Measurement of serum 25(OH)D concentrations
In the 2001–2006 cycle of the NHANES, serum 25(OH)D concentrations were measured by DiaSorin RIA kit (Stillwater MN) and by a standardized liquid chromatography–tandem mass spectrometry (LC–MS/MS) method in 2007–2018. So as to use and analyze 25(OH)D concentration, the regression equations were selected to converted RIA measurements of 25(OH)D concentration to equivalent 25(OH)D measurements in the standardized LC–MS/MS method to adjust for assay drifts. Follow the recommendations of CDC, LC–MS/MS data was performed for analysis .

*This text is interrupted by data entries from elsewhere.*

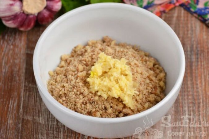 Do dressingu zmiel orzechy i czosnek blenderem. Jeśli nie ma blendera pokrusz orzechy wałkiem do ciasta, a czosnek posiekaj drobno lub zetrzyj na tarce.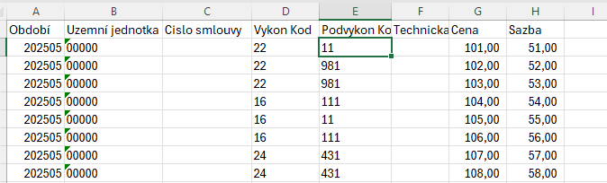 - Kód podvýkonu - identifikace podvýkonu kódem. Kombinace Výkon/podvýkon musí existovat.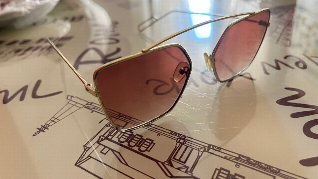Parlak bej renkte, transparan lensli vintage kadın güneş gözlüğü. Retro bohem ve karşı kültür stilini yansıtır.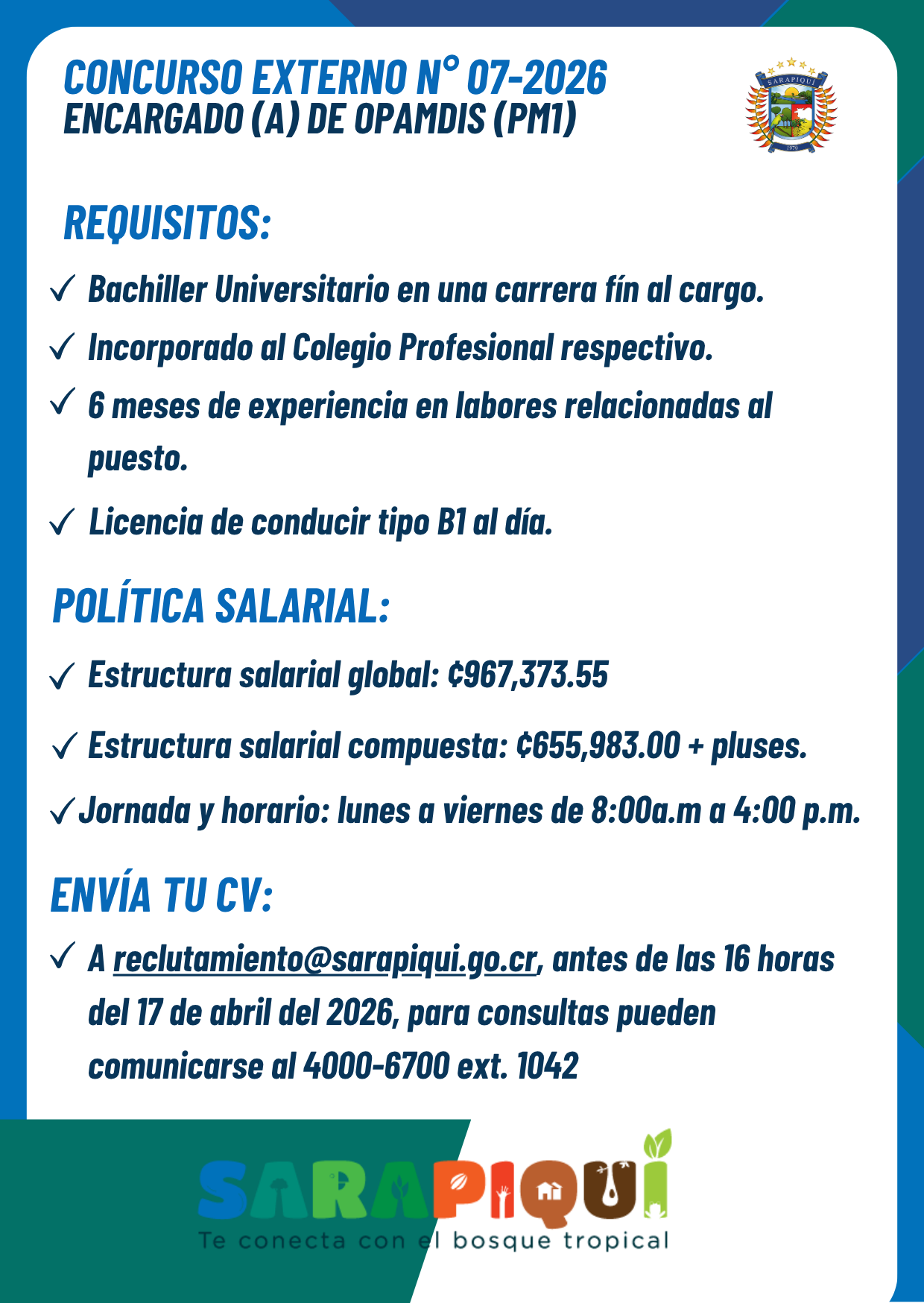 Presentar nota donde indica el interés de participar, así como el número del concurso y hoja de vida, además, documentación que acredite los atestados del concursante, deberán ser remitidas al correo electrónico: reclutamiento@sarapiqui.go.cr, antes de las 16 horas del 17 de abril del 2026.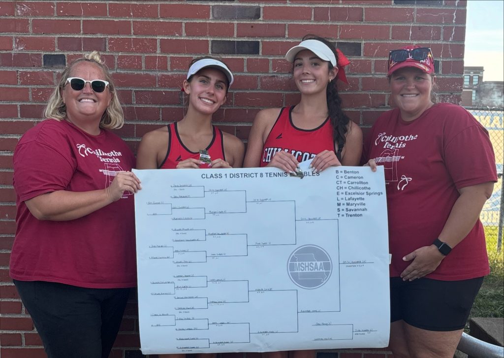On a rainy, cloudy, chilly Friday morning, the Lady Hornets varsity tennis team headed for the fifth time this season to Noyes Tennis Complex in St. Joseph, this time for the Individual MSHSAA District Tournament. In this tourney, teams must enter two singles competitors and two doubles pairs. Chillicothe fielded Anya Moore and Helena England in singles with Lexy Smith & Lydia Bonderer in doubles as well as Summer Gatson & Rian Mathews in doubles. After the seeding meeting, Smith and Bonderer were unanimously approved as the #1 doubles seed while the other Hornets were placed on the bracket by hat draw. The hat draws proved tough for CHS, pairing everyone versus a very tough opponent in either the first or second round, which proved how critical it was for Smith & Bonderer to have won conference the week before, making their bracket more clean cut.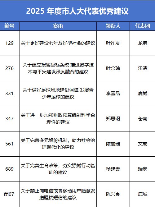 7项建议获评2025年度市人大代表优秀建议,约占获奖总数18%1提案被确定为市政协十二届四次会议以来的重点提案。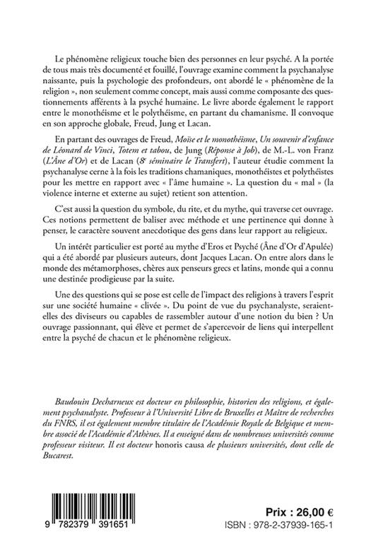 Il s'agit d'un ouvrage à la portée de tous, via une approche fine et précieuse, très documentée, fouillée. Dès leurs origines, la psychanalyse et la psychologie des profondeurs se sont intéressées au phénomène religieux. Cet ouvrage examine cette approche innovante de la psyché humaine. L’exploration d’un continent assez inconnu, celui des liens entre la religion et ses effets sur l’esprit ou l’âme, à partir des théories de Freud, Jung et Lacan. L’ouvrage aborde également le rapport entre monothéisme et polythéisme, à partir du chamanisme. L’ouvrage de Baudouin Decharneux présente un triple intérêt. Celui d’une approche pertinente en ce qui concerne l’impact des religions d’un point de vue global sur la psyché humaine. Celui d’un examen qui intéresse toute personne qui s’interroge, qu’elle soit croyante ou non, dans le souci de rassembler ce qui est épars, et à défaut, de souligner l’explication qui ne le permettrait pas. Et enfin, celui de prendre de la hauteur, tout en demeurant accessible à tous, sur un point non négligeable, le rôle de la psychanalyse en matière de perception religieuse. En partant des ouvrages de Freud, "Moïse et le monothéisme, Un souvenir d’enfance de Léonard de Vinci, Totem et tabou", de Jung, "Réponse à Job", de M.-L. von Franz, "l’Âne d’Or", et, de Lacan, "8e séminaire le Transfert", l’auteur étudie comment la psychanalyse cerne à la fois les traditions monothéistes et polythéistes pour les mettre en rapport avec « l’âme humaine ». La question du mal (la violence interne et externe au sujet) retient l'attention de l'auteur, de même que la question des « associations libres ». Un intérêt particulier est porté au mythe d’Erôs et Psyché. Une des questions qui se pose est celle de l’impact des religions à travers l’esprit sur une société humaine « clivée », du point de vue du psychanalyste. Baudouin Decharneux est docteur en philosophie, historien des religions, et également psychanalyste. Professeur à l’Université Libre de Bruxelles et Maître de recherches du FNRS, il est également membre titulaire de l’Académie Royale de Belgique et membre associé de l’Académie d’Athènes. Il a enseigné dans de nombreuses universités comme professeur visiteur. Il est docteur honoris causa de plusieurs universités, dont celle de Bucarest. Points forts de l'ouvrage : Religion – Spiritualité – Psyché – Psychanalyse – Psychologie des profondeurs – Monothéisme – Polythéisme - Intériorité - clivages.

Determination of mortality outcomes
To determine the mortality status of the follow-up population, we used 2001–2018 NHANES public-use linked mortality files, the survival status of participants was followed up to December 31, 2019. The ICD-10 was used to determine disease-specific death, and NCHS classified heart diseases (054–068), malignant neoplasms (019–043), and all other causes (010) . Serum 25(OH)D levels were classified according to the Endocrine Society Clinical Practice guidelines , as follows: < 25.00 nmol/L, indicating severe vitamin D deficiency; 25.00–49.99 nmol/L, indicating vitamin D deficiency; 50.00–74.99 nmol/L, indicating vitamin D insufficiency; ≥ 75.00 nmol/L, indicating vitamin D sufficiency.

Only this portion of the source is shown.